_WHAT THE TASK REQUIRES_. Your copy of the data should match it exactly, except that the pictures are gone.

_SUPPLIED DATA_.
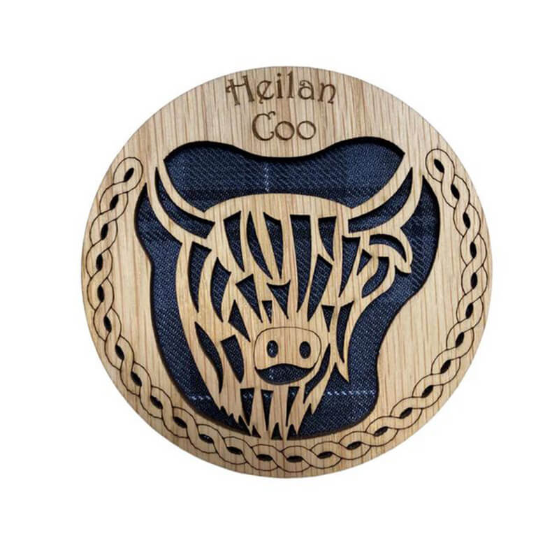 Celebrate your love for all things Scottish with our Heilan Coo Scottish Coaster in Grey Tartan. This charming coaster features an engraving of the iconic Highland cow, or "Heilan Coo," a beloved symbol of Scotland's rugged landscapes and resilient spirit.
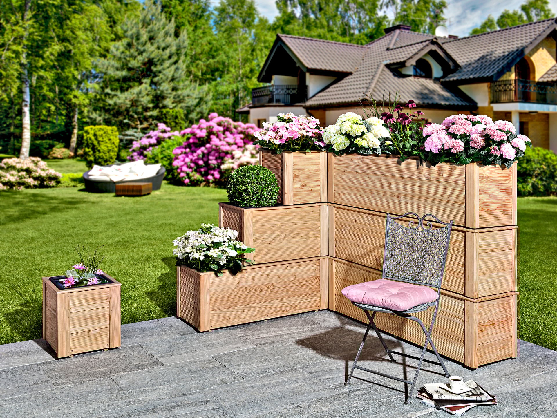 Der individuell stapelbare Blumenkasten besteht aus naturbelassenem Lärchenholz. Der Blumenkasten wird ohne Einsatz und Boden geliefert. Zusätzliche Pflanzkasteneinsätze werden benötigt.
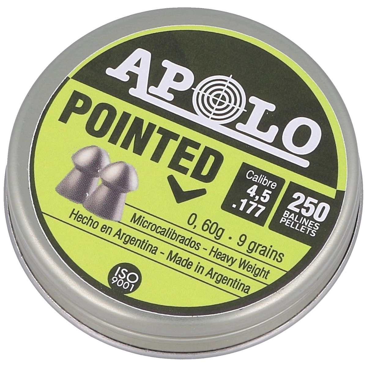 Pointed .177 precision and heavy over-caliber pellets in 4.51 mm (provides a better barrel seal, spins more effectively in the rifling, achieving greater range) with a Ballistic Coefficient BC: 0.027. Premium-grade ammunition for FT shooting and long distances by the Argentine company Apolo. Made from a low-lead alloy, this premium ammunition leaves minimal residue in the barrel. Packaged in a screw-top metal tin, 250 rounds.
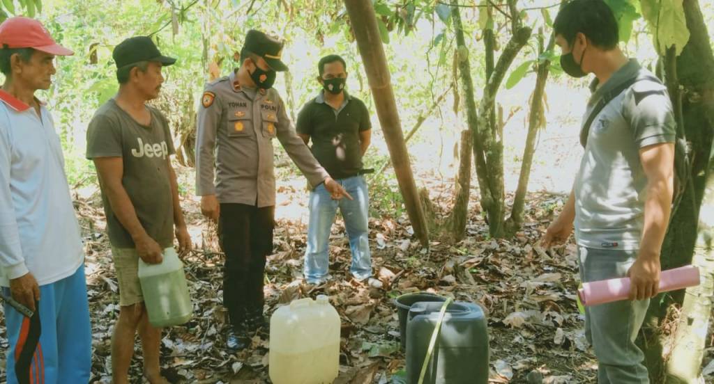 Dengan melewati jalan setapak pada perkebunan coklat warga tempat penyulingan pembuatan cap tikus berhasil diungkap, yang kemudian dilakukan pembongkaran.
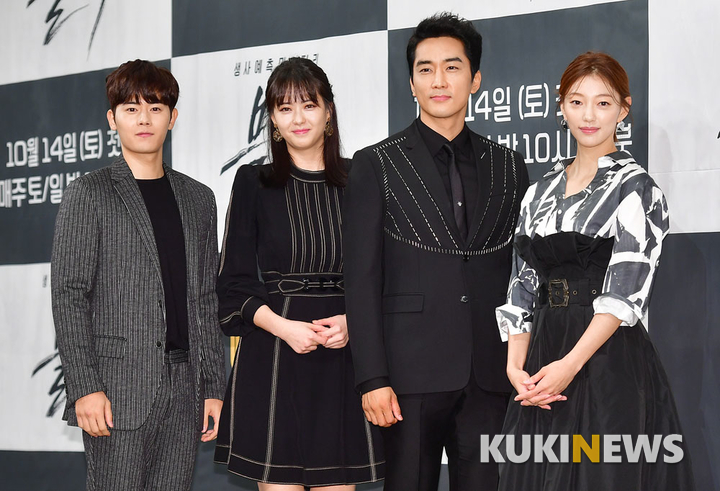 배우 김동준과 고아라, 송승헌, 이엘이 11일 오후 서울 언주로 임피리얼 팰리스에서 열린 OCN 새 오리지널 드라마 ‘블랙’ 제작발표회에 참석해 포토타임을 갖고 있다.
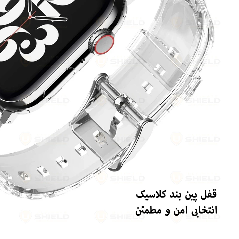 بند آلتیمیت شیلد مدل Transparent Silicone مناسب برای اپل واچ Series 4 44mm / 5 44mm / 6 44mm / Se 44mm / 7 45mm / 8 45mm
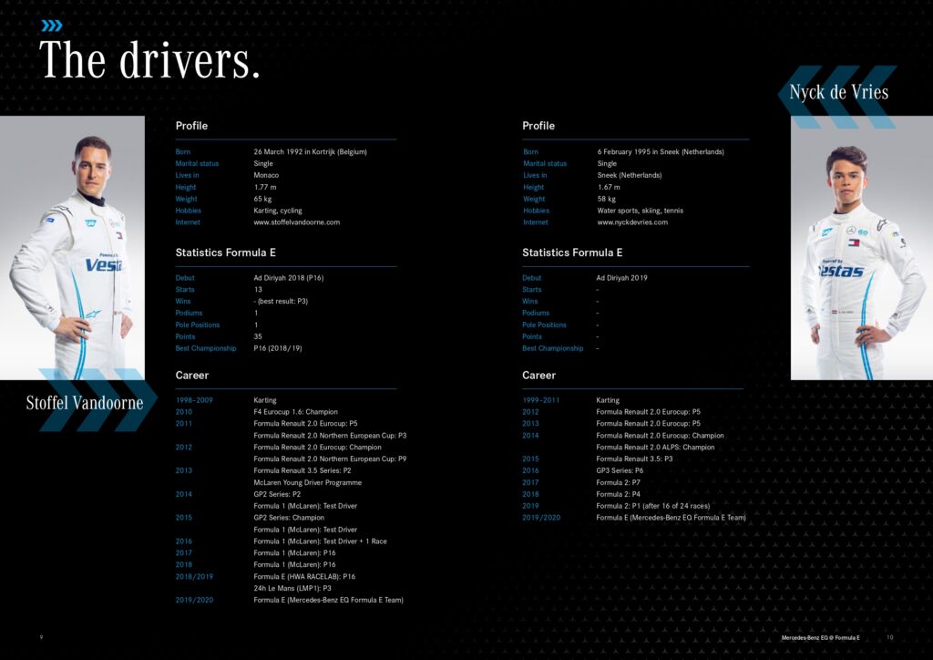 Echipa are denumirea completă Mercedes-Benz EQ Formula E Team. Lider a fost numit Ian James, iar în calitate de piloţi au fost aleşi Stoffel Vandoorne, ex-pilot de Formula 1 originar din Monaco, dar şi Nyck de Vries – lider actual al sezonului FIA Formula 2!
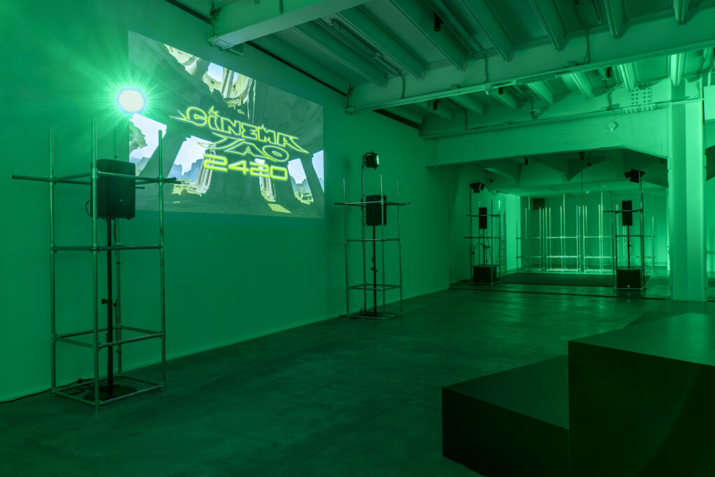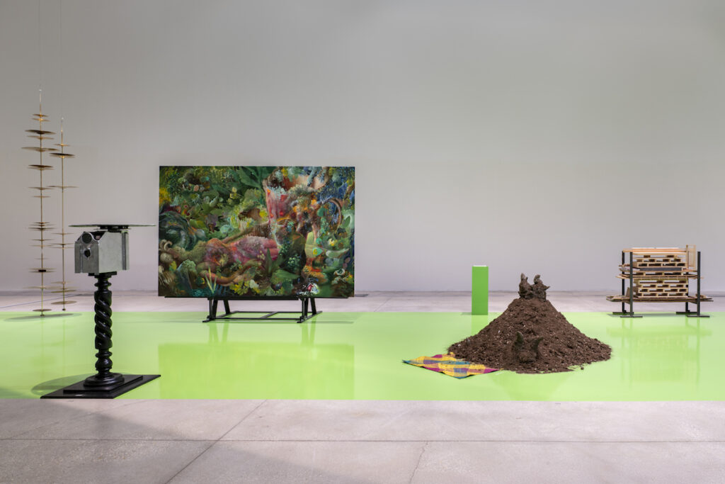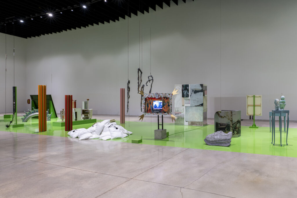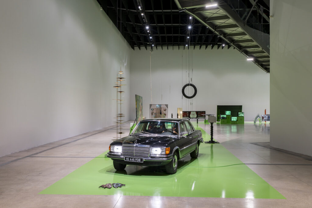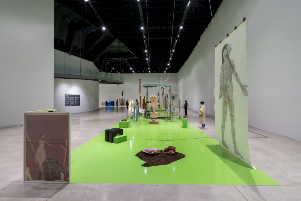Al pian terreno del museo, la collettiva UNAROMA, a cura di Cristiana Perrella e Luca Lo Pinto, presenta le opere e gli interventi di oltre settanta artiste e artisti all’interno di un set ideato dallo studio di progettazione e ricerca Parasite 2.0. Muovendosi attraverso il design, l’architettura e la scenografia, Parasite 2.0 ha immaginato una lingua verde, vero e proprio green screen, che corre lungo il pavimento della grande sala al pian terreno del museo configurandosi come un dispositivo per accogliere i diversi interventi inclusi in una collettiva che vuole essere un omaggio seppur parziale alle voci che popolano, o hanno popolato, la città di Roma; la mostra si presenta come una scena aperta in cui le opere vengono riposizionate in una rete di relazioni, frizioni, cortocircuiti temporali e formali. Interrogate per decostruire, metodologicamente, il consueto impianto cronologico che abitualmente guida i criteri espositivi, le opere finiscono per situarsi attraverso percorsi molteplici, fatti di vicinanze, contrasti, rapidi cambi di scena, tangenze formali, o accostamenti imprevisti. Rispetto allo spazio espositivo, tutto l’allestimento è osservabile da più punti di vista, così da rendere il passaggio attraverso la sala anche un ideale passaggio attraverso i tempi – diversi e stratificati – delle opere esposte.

_WRITTEN ANSWER_.
 Celebrate your love for all things Scottish with our Heilan Coo Scottish Coaster in Grey Tartan. This charming coaster features an engraving of the iconic Highland cow, or "Heilan Coo," a beloved symbol of Scotland's rugged landscapes and resilient spirit.
 Der individuell stapelbare Blumenkasten besteht aus naturbelassenem Lärchenholz. Der Blumenkasten wird ohne Einsatz und Boden geliefert. Zusätzliche Pflanzkasteneinsätze werden benötigt.
 Pointed .177 precision and heavy over-caliber pellets in 4.51 mm (provides a better barrel seal, spins more effectively in the rifling, achieving greater range) with a Ballistic Coefficient BC: 0.027. Premium-grade ammunition for FT shooting and long distances by the Argentine company Apolo. Made from a low-lead alloy, this premium ammunition leaves minimal residue in the barrel. Packaged in a screw-top metal tin, 250 rounds.
 Dengan melewati jalan setapak pada perkebunan coklat warga tempat penyulingan pembuatan cap tikus berhasil diungkap, yang kemudian dilakukan pembongkaran.
 배우 김동준과 고아라, 송승헌, 이엘이 11일 오후 서울 언주로 임피리얼 팰리스에서 열린 OCN 새 오리지널 드라마 ‘블랙’ 제작발표회에 참석해 포토타임을 갖고 있다.
 بند آلتیمیت شیلد مدل Transparent Silicone مناسب برای اپل واچ Series 4 44mm / 5 44mm / 6 44mm / Se 44mm / 7 45mm / 8 45mm
 Echipa are denumirea completă Mercedes-Benz EQ Formula E Team. Lider a fost numit Ian James, iar în calitate de piloţi au fost aleşi Stoffel Vandoorne, ex-pilot de Formula 1 originar din Monaco, dar şi Nyck de Vries – lider actual al sezonului FIA Formula 2!
Al pian terreno del museo, la collettiva UNAROMA, a cura di Cristiana Perrella e Luca Lo Pinto, presenta le opere e gli interventi di oltre settanta artiste e artisti all’interno di un set ideato dallo studio di progettazione e ricerca Parasite 2.0. Muovendosi attraverso il design, l’architettura e la scenografia, Parasite 2.0 ha immaginato una lingua verde, vero e proprio green screen, che corre lungo il pavimento della grande sala al pian terreno del museo configurandosi come un dispositivo per accogliere i diversi interventi inclusi in una collettiva che vuole essere un omaggio seppur parziale alle voci che popolano, o hanno popolato, la città di Roma; la mostra si presenta come una scena aperta in cui le opere vengono riposizionate in una rete di relazioni, frizioni, cortocircuiti temporali e formali. Interrogate per decostruire, metodologicamente, il consueto impianto cronologico che abitualmente guida i criteri espositivi, le opere finiscono per situarsi attraverso percorsi molteplici, fatti di vicinanze, contrasti, rapidi cambi di scena, tangenze formali, o accostamenti imprevisti. Rispetto allo spazio espositivo, tutto l’allestimento è osservabile da più punti di vista, così da rendere il passaggio attraverso la sala anche un ideale passaggio attraverso i tempi – diversi e stratificati – delle opere esposte.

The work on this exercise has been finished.